Assuming that is correct, if the ball were to fall from a height $h_2$ where $h_2>h_1$, how would it be possible for the force to remain $F=ma$? Clearly, a ball thrown from a greater height would experience a greater force on impact right? What is going on here?
The accleration in the equation $F=ma$ is not the acceleration due to gravity. It is easier to think about this by turning $F=ma$ into $$F=\frac{\Delta p}{\Delta t}$$Here we see that the acceleration in the equation is in fact the change in momentum of the object as it hits the ground. This can be re-written as $$F=\frac{mv-mu}{\Delta t}$$Where $v$ is the final speed of the object (in this case $0$), and $u$ is the initial speed of the object (in this case, the speed just before impact, or, as you have written $\sqrt{2gh}$).
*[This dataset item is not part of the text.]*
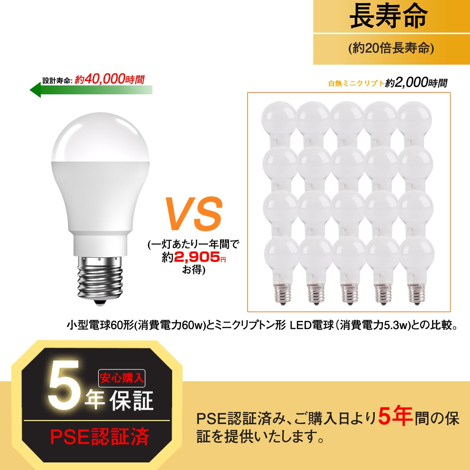 PSE認証済み,5年間の。断熱材施工器具対応、 屋外用器具への取り付け対応、 調光器対応:X
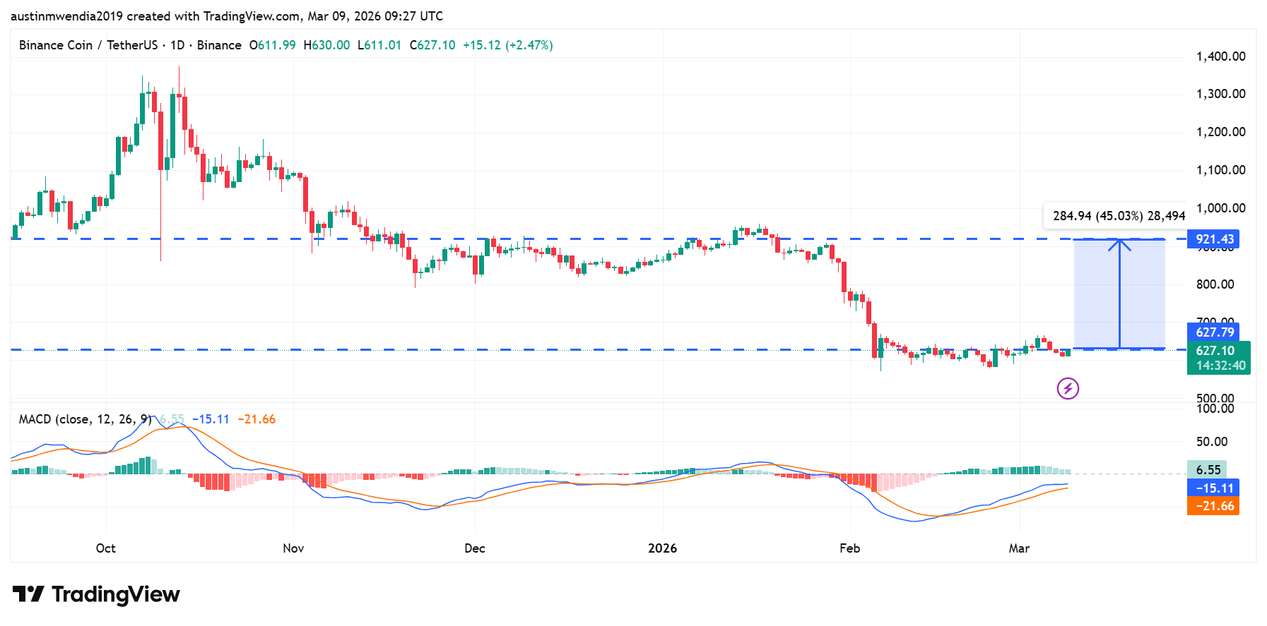 Meanwhile, the major resistance zone sits near $900 to $921. This level previously acted as support before the February breakdown. As a result, it now forms a strong supply area on the chart. A successful recovery could push the price toward this resistance region. In addition, the MACD is showing improving momentum as buyers continue building a base above the $620 support area. If strength continues, BNB could move toward the $921 resistance level.

Hope this helps in your understanding :)
During impact with the ground, "a" is no longer the acceleration due to gravity. It is the net acceleration that the object is currently experiencing. At the point of impact it now has a massive upward acceleration which is difficult to measure and varies during the course of the impact (which of course is quite a short time). If dropped from a greater height, this upward acceleration will be higher, and it might remain in contact with the ground for slightly longer. So $F = ma$ holds true, though it's not very useful for calculations. In this type of scenario, any calculations you do are much more likely to deal with momentum. But that is irrelevant to the question so I won't go into it in detail unless you so desire.